What this task involves:
Aside from the pictures, copy the listing exactly.

Source data:

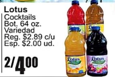 lotus cocktails variedad reg. $c/u esp. $ud. /lotus
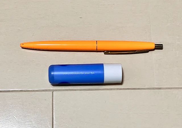 用意したのは、ボールペンとリップクリーム。小さなカバンで外出する時でも、必ず持ち歩くアイテムです。
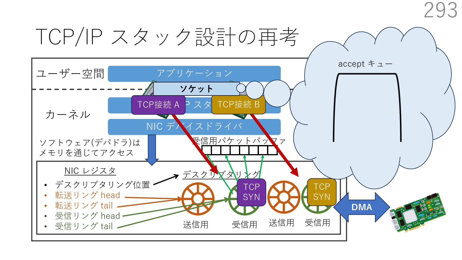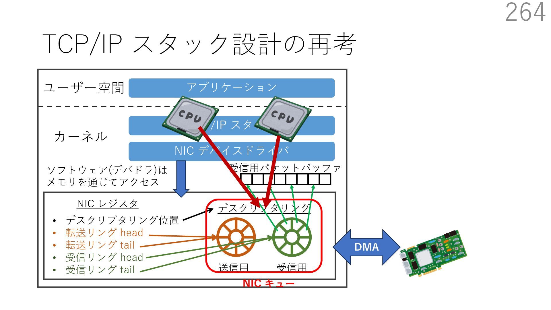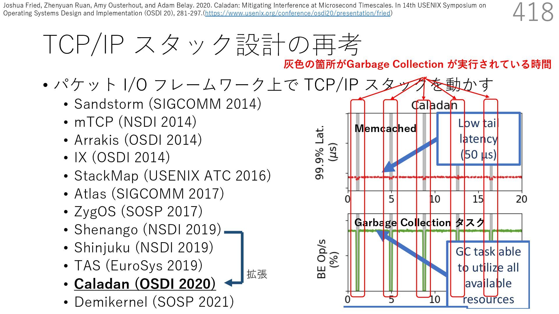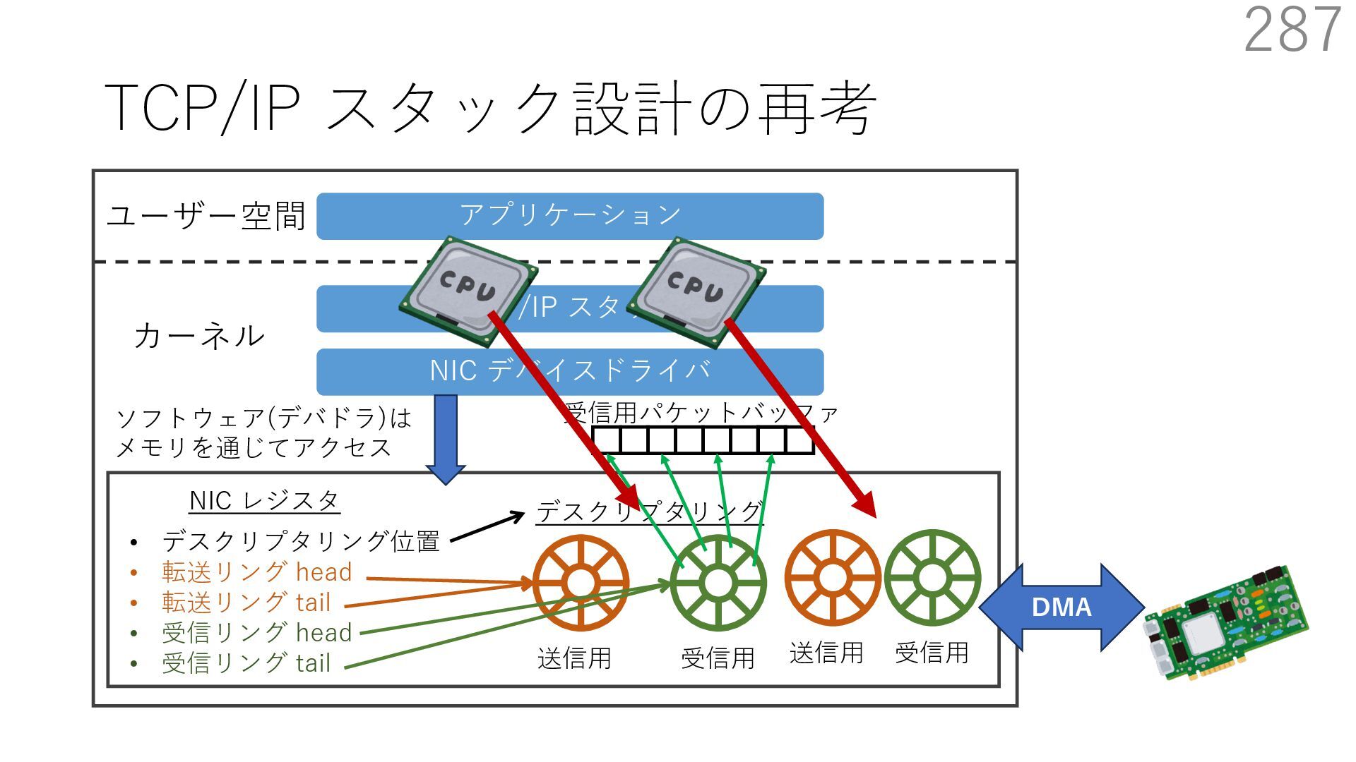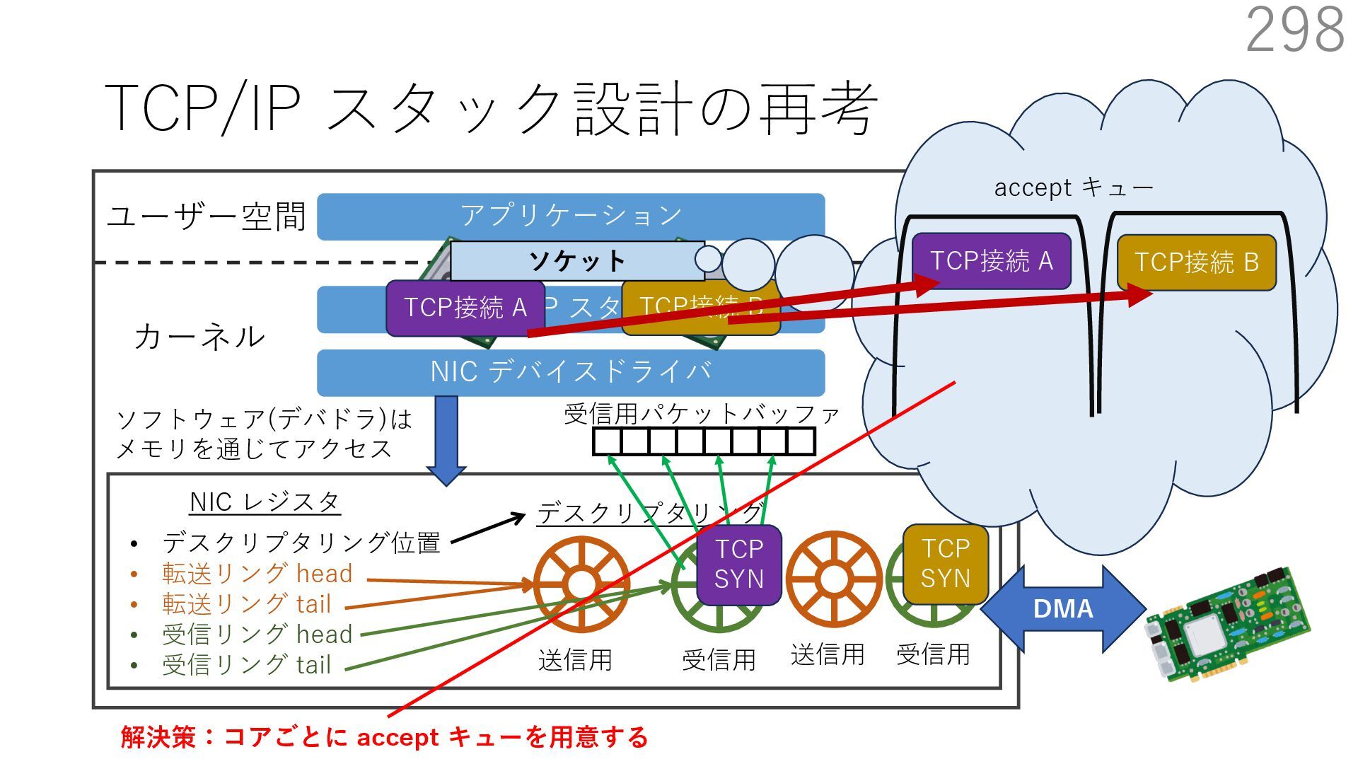 (SIGCOMM 2014) • mTCP (NSDI 2014) • Arrakis (OSDI 2014) • IX (OSDI 2014) • StackMap (USENIX ATC 2016) • Atlas (SIGCOMM 2017) • ZygOS (SOSP 2017) • Shenango (NSDI 2019) • Shinjuku (NSDI 2019) • TAS (EuroSys 2019) • Caladan (OSDI 2020) • Demikernel (SOSP 2021) 427 into a single library for both devices (e.g., RDMAxSPDK). We implemented the bulk of our library OS code in Rust. We initially prototyped several libOSes in C++; however, we found that Rust performs competitively with C++ and achieves ns-scale latencies while offering additional benefits. First, Rust enforces memory safety through language fea- tures and its compiler. Though our libOSes use unsafe code to bind to C/C++ kernel-bypass libraries and applications, User-space Software Kernel-space Software I/O Hardware I/O Device ??? libFuture ??? DPDK User I/O Buf. Mgmt libRDMA RDMA User I/O Buf. Mgmt Net. Trans. OS Kernel Control Path Demikernel Datapath Architecture App libPOSIX libDPDK SPDK User I/O Buf. Mgmt libSPDK Future Demikernel PDPIX Datapath API Figure 3. Demikernel kernel-bypass architecture. Demikernel ac- commodates heterogenous kernel-bypass devices, including poten- tial future hardware, with a flexible library OS-based datapath ar- chitecture.We include a libOS that goes through the OS kernel for 提案:異なるタイプのデバイスへ 共通のインターフェースからアクセス可能にする Irene Zhang, Amanda Raybuck, Pratyush Patel, Kirk Olynyk, Jacob Nelson, Omar S. Navarro Leija, Ashlie Martinez, Jing Liu, Anna Kornfeld Simpson, Sujay Jayakar, Pedro Henrique Penna, Max Demoulin, Piali Choudhury, and Anirudh Badam. 2021. The Demikernel Datapath OS Architecture for Microsecond-Scale Datacenter Systems. In Proceedings of the ACM Sigops 28th Symposium on Operating Systems Principles (SOSP ʼ21), 195-211.(https://doi.org/10.1145/3477132.3483569)

Answer to this problem:
 lotus cocktails variedad reg. $c/u esp. $ud. /lotus
 用意したのは、ボールペンとリップクリーム。小さなカバンで外出する時でも、必ず持ち歩くアイテムです。
 (SIGCOMM 2014) • mTCP (NSDI 2014) • Arrakis (OSDI 2014) • IX (OSDI 2014) • StackMap (USENIX ATC 2016) • Atlas (SIGCOMM 2017) • ZygOS (SOSP 2017) • Shenango (NSDI 2019) • Shinjuku (NSDI 2019) • TAS (EuroSys 2019) • Caladan (OSDI 2020) • Demikernel (SOSP 2021) 427 into a single library for both devices (e.g., RDMAxSPDK). We implemented the bulk of our library OS code in Rust. We initially prototyped several libOSes in C++; however, we found that Rust performs competitively with C++ and achieves ns-scale latencies while offering additional benefits. First, Rust enforces memory safety through language fea- tures and its compiler. Though our libOSes use unsafe code to bind to C/C++ kernel-bypass libraries and applications, User-space Software Kernel-space Software I/O Hardware I/O Device ??? libFuture ??? DPDK User I/O Buf. Mgmt libRDMA RDMA User I/O Buf. Mgmt Net. Trans. OS Kernel Control Path Demikernel Datapath Architecture App libPOSIX libDPDK SPDK User I/O Buf. Mgmt libSPDK Future Demikernel PDPIX Datapath API Figure 3. Demikernel kernel-bypass architecture. Demikernel ac- commodates heterogenous kernel-bypass devices, including poten- tial future hardware, with a flexible library OS-based datapath ar- chitecture.We include a libOS that goes through the OS kernel for 提案:異なるタイプのデバイスへ 共通のインターフェースからアクセス可能にする Irene Zhang, Amanda Raybuck, Pratyush Patel, Kirk Olynyk, Jacob Nelson, Omar S. Navarro Leija, Ashlie Martinez, Jing Liu, Anna Kornfeld Simpson, Sujay Jayakar, Pedro Henrique Penna, Max Demoulin, Piali Choudhury, and Anirudh Badam. 2021. The Demikernel Datapath OS Architecture for Microsecond-Scale Datacenter Systems. In Proceedings of the ACM Sigops 28th Symposium on Operating Systems Principles (SOSP ʼ21), 195-211.(https://doi.org/10.1145/3477132.3483569)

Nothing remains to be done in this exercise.